Apply the scaling to a single input.

Returns:

Scaled input.

Parameters:

inpt (Any)
params (dict[str, Any])

Return type:

Any

class vision3d.transforms.RandomTransform(p=0.5)[source]#

Bases: Transform

Base class for transforms applied with probability p.

Parameters:: p (float)

forward(*inputs)[source]#

Apply the transform with probability p.

Returns:: Transformed inputs, or the original inputs if skipped.
Parameters:: inputs (Any)
Return type:: Any

class vision3d.transforms.RandomTranslate3D(translation_range=0.5, p=0.5)[source]#

Bases: RandomTransform

Translate inputs by a random 3D offset with probability p.

Dispatches to type-specific kernels for PointCloud3D, BoundingBoxes3D, and CameraExtrinsics.

Parameters:

translation_range (float | tuple[float, float, float]) – Maximum translation per axis. Either a single float (symmetric range [-v, v] for all axes) or a tuple of three floats (tx, ty, tz) for per-axis ranges.
p (float) – Probability of applying the translation. Default: 0.5.

make_params(flat_inputs)[source]#

Sample a random offset.

Returns:: Dict with "offset" key containing a [3] tensor.
Parameters:: flat_inputs (list[Any])
Return type:: dict[str, Any]

transform(inpt, params)[source]#

Apply the translation to a single input.

Returns:

Translated input.

Parameters:

inpt (Any)
params (dict[str, Any])

Return type:

Any

class vision3d.transforms.RangeFilter3D(point_cloud_range)[source]#

Bases: Transform

Drop points and boxes outside an axis-aligned 3D region.

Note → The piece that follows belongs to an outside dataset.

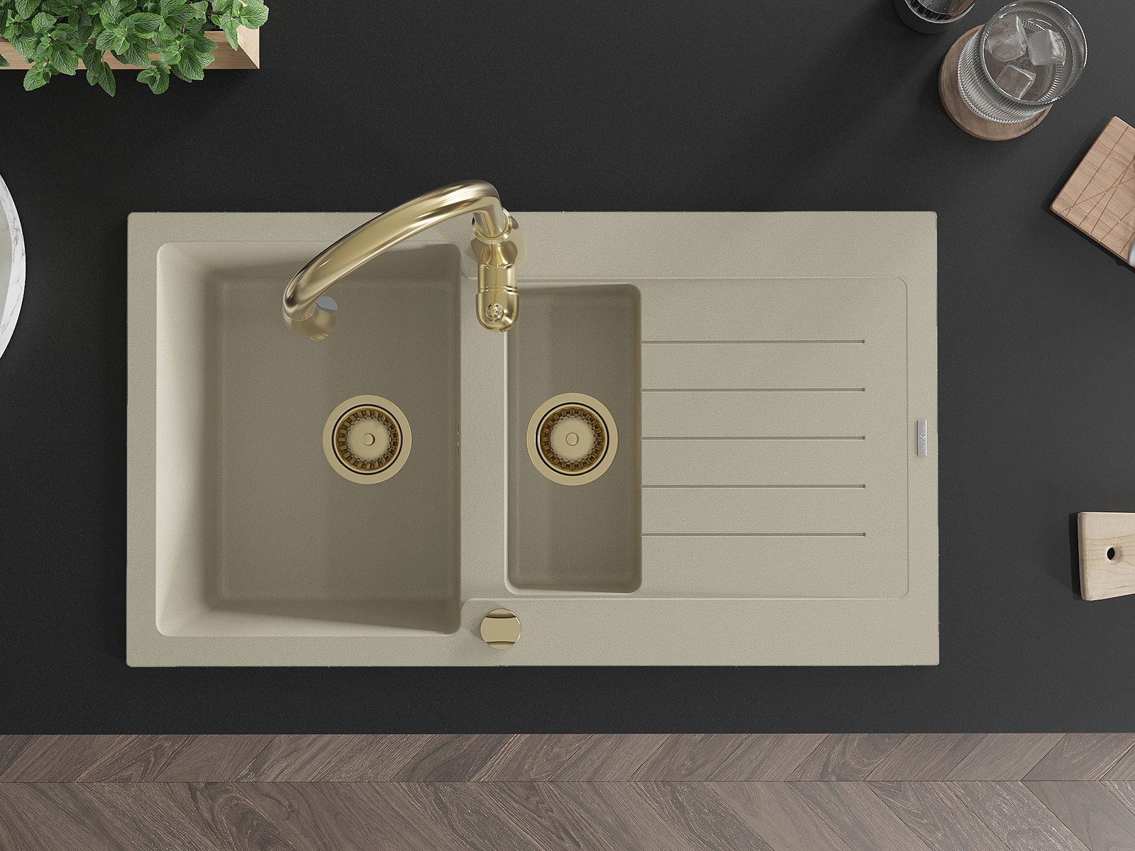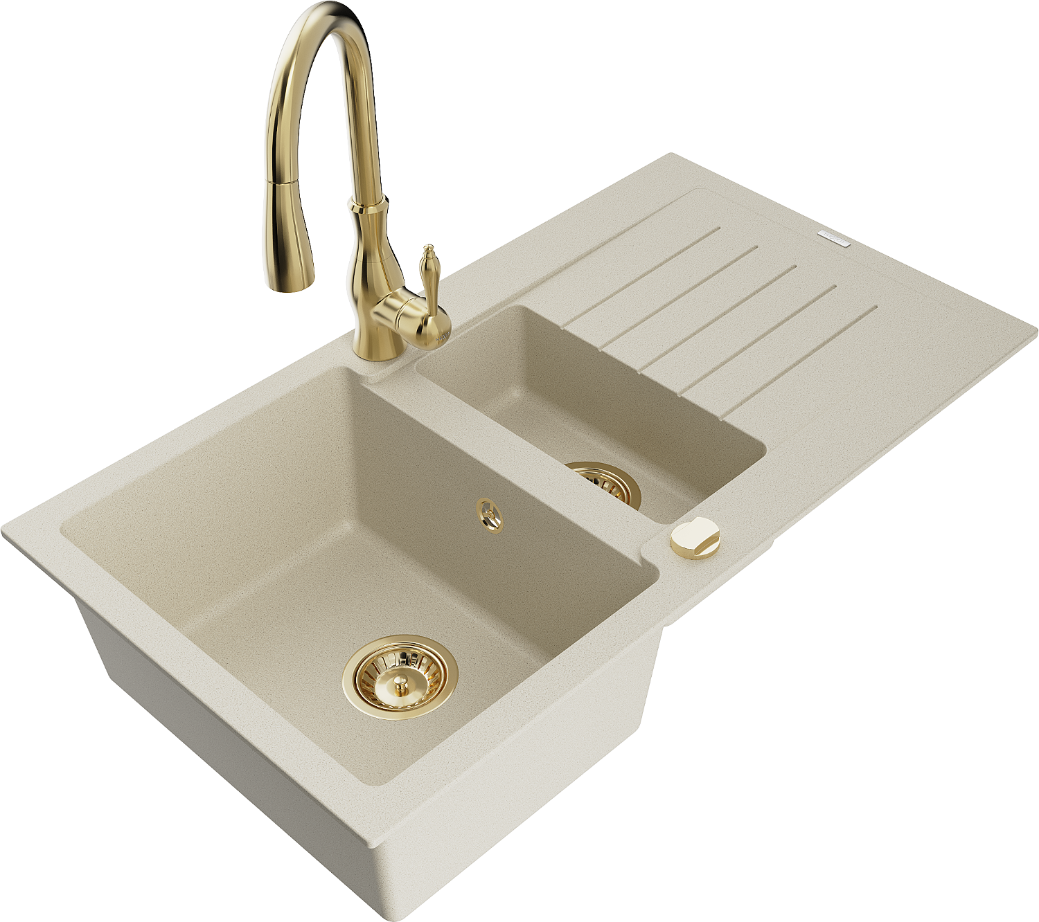 Mexen Matias évier en granit 1,5 bac avec égouttoir et mitigeur de cuisine Savita, beige - 6502-69-672601-50

Points are filtered by their xyz coordinates; boxes are filtered by their center (format-agnostic). Labels in targets are filtered in sync with boxes.

Must be applied after spatial augmentations (rotate / scale / translate can push data out of the sensor range) and before the model sees the data.

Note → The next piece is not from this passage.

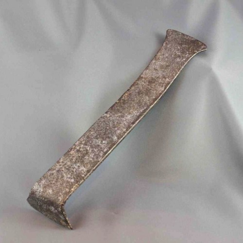Raschiatoio ricavato da una barra di ferro nastriforme: le estremità (una delle quali è piegata ad angolo retto), che terminano con una lama curvilinea convessa, risultano allargate rispetto al corpo dell'oggetto stesso.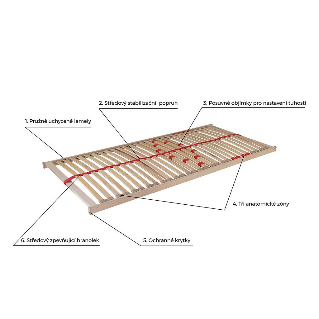 Skutečná velikost roštu je vždy o 1 cm užší a o 5 cm kratší než je uvedený standardní rozměr. Tím je zaručeno snadné a správné uložení roštu s matrací do rámu postele.

Parameters:: point_cloud_range (tuple[float, ...]) – Axis-aligned bounds (x_min, y_min, z_min, x_max, y_max, z_max).

forward(*inputs)[source]#

Filter points and boxes outside the configured range.

Accepts both a single sample dict and an (inputs, targets) pair.

Returns:: Filtered sample in the same structure as the input.
Parameters:: inputs (Any)
Return type:: Any

class vision3d.transforms.Transform[source]#

Bases: Module

Base class for vision3d transforms.

Only TVTensor subclasses (e.g. BoundingBoxes3D, PointCloud3D) are transformed. Plain tensors (labels, scores, etc.) pass through unchanged.

Subclasses should override transform() and use _call_kernel to dispatch to the correct kernel for each input type.

make_params(flat_inputs)[source]#

Sample random parameters. Override for randomised transforms.

Returns:: Parameter dict passed to transform().
Parameters:: flat_inputs (list[Any])
Return type:: dict[str, Any]

transform(inpt, params)[source]#

Apply the transform to a single input. Must be overridden.

Parameters:

inpt (Any)
params (dict[str, Any])

Return type:

Any

forward(*inputs)[source]#

Apply the transform to one or more inputs (dicts, tuples, etc.).

Returns:: Transformed inputs in the same structure as the input.
Parameters:: inputs (Any)
Return type:: Any

extra_repr()[source]#

Auto-generate repr from public attributes.

Returns:: Comma-separated key=value string.
Return type:: str